Są doskonale opancerzone, nowoczesne i należą do najbezpieczniejszych na świecie. Nowe czołgi Abrams będą nas kosztować ponad 20 mld zł. Do końca 2026 r. żołnierze Wojska Polskiego zaczną użytkować 250 pojazdów tego typu. Minister obrony Mariusz Błaszczak i wicepremier Jarosław Kaczyński zapowiedzieli to w lipcu ubiegłego roku, a kilka tygodni temu umowa została podpisana. Jak na kontrakt zbrojeniowy to bardzo szybko. Zakup został przeprowadzony w ramach pilnej potrzeby operacyjnej. To oznacza, że nie było wnikliwego sprawdzania konkurencyjnych ofert i że nie został on uwzględniony w wieloletnich dokumentach planistycznych. Na przykład w planie modernizacji technicznej ogłoszonym trzy lata temu pojawia się program „Wilk”, czyli w uproszczeniu zakup nowych czołgów z ich domniemaną produkcją w Polsce. Choć nabycie abramsów ma wielu krytyków (m.in. właśnie z powodu niezaangażowania polskiego przemysłu w ich produkcję), to szybszych opcji nie było. A to ma znaczenie, szczególnie teraz.
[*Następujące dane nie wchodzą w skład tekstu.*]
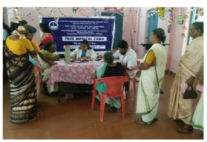
View of Free Geriatric Medical Camp organized by RARILSD, Thiruvananthapuram

Geriatric Camp organized at Mudavanmugal Old Age Home; Kovilvila Temple Auditorium, Vembayam and Govt. High School, Jagathy on 1<sup>st</sup> July, 2019; 14<sup>th</sup> July, 2019; 7<sup>th</sup> August, 2019; 17<sup>th</sup> August, 2019; 18<sup>th</sup> August, 2019; 31<sup>st</sup> August, 2019 and 28<sup>th</sup> September, 2019. Laboratory investigations and free distribution of medicines were provided and a total of 288 patients benefitted.
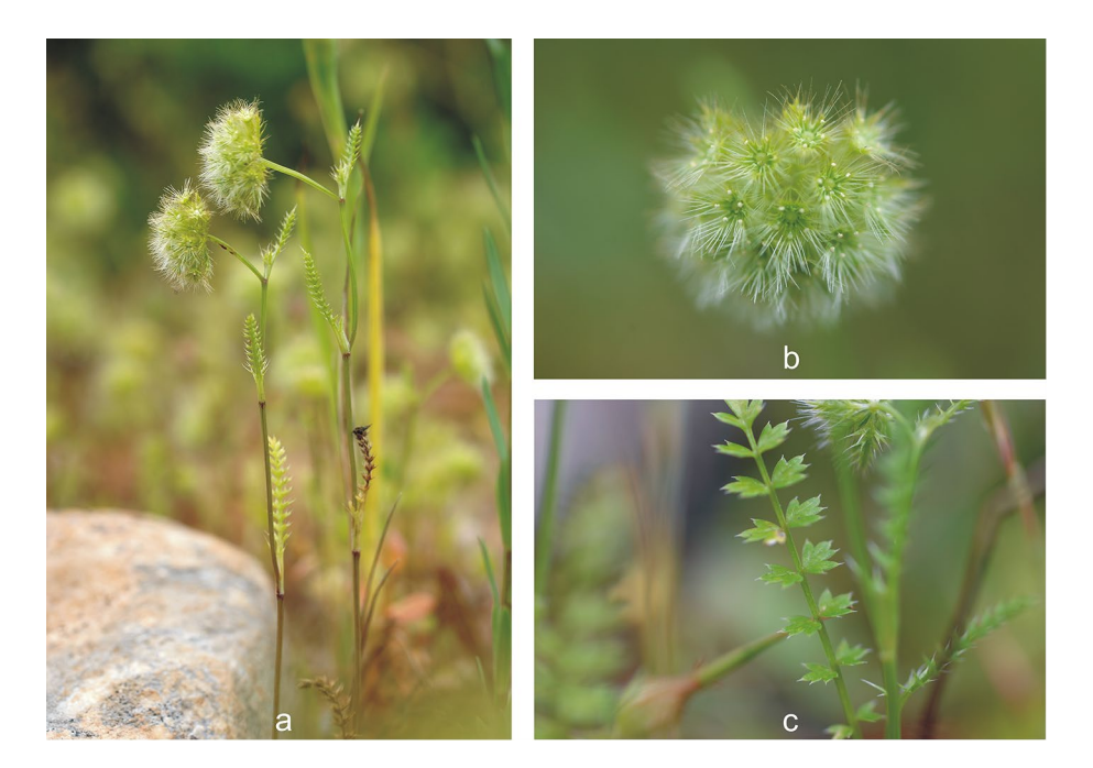
Figure 3. L. cuminoides. Habit ( a ), flowers ( b ), and leaf ( c ) at Statte (Taranto), 13 May 2023.

Plant samples collected during botanical surveys were air dried at room temperature and in the dark. All aerial parts were used (leaves, stem and flowers). The drying phase was considered accomplished when a constant weight was reached. After the drying phase, the plant material was grinded using a coffee grinder for 15 s. The obtained powder was weighted in amber glass bottles and added of hot water or hydroalcoholic solution using

Wojna za miedzą szybko zwalczyła syndrom niedecyzyjności i braki budżetowe. Teraz ważny zakup da się przeprowadzić w kilka tygodni, a od przyszłego roku budżet na obronność wzrośnie o ok. 20 mld zł, do 3 proc. PKB. A może i bardziej

Czołgi kupujemy w umowie międzyrządowej od Stanów Zjednoczonych, co oznacza, że robimy to w ramach procedury Foreign Military Sales (FMS). Jest ona transparentna i doskonale rozpisana na kolejne kroki na amerykańskiej stronie rządowej Defense Security Cooperation Agency. To dokładne przeciwieństwo tego, jak w kwestii procedur działaliśmy do tej pory w Polsce. Wiadomo więc, że najpierw kraj, który chce coś kupić od amerykańskich firm zbrojeniowych, za pośrednictwem rządu w Waszyngtonie wysyła zapytanie ofertowe o cenę i dostępność. Mniej więcej po 45 dniach otrzymuje odpowiedź zawierającą m.in. maksymalną cenę zakupu i dogaduje szczegóły, po czym wysyła już konkretne zapytanie ofertowe. Czeka na odpowiedź i zgodę Kongresu (tutaj są określone limity czasowe i nie można odkładać decyzji) i umowę można podpisywać. Jej wartość jest zazwyczaj mniejsza niż ta maksymalna podawana na początku rozmów. Jeśli procedura idzie bezproblemowo – jak w przypadku abramsów – zajmuje to mniej niż rok. Ale może to być znacznie dłużej, jeśli zamawiający ociąga się z wdrażaniem kolejnych kroków.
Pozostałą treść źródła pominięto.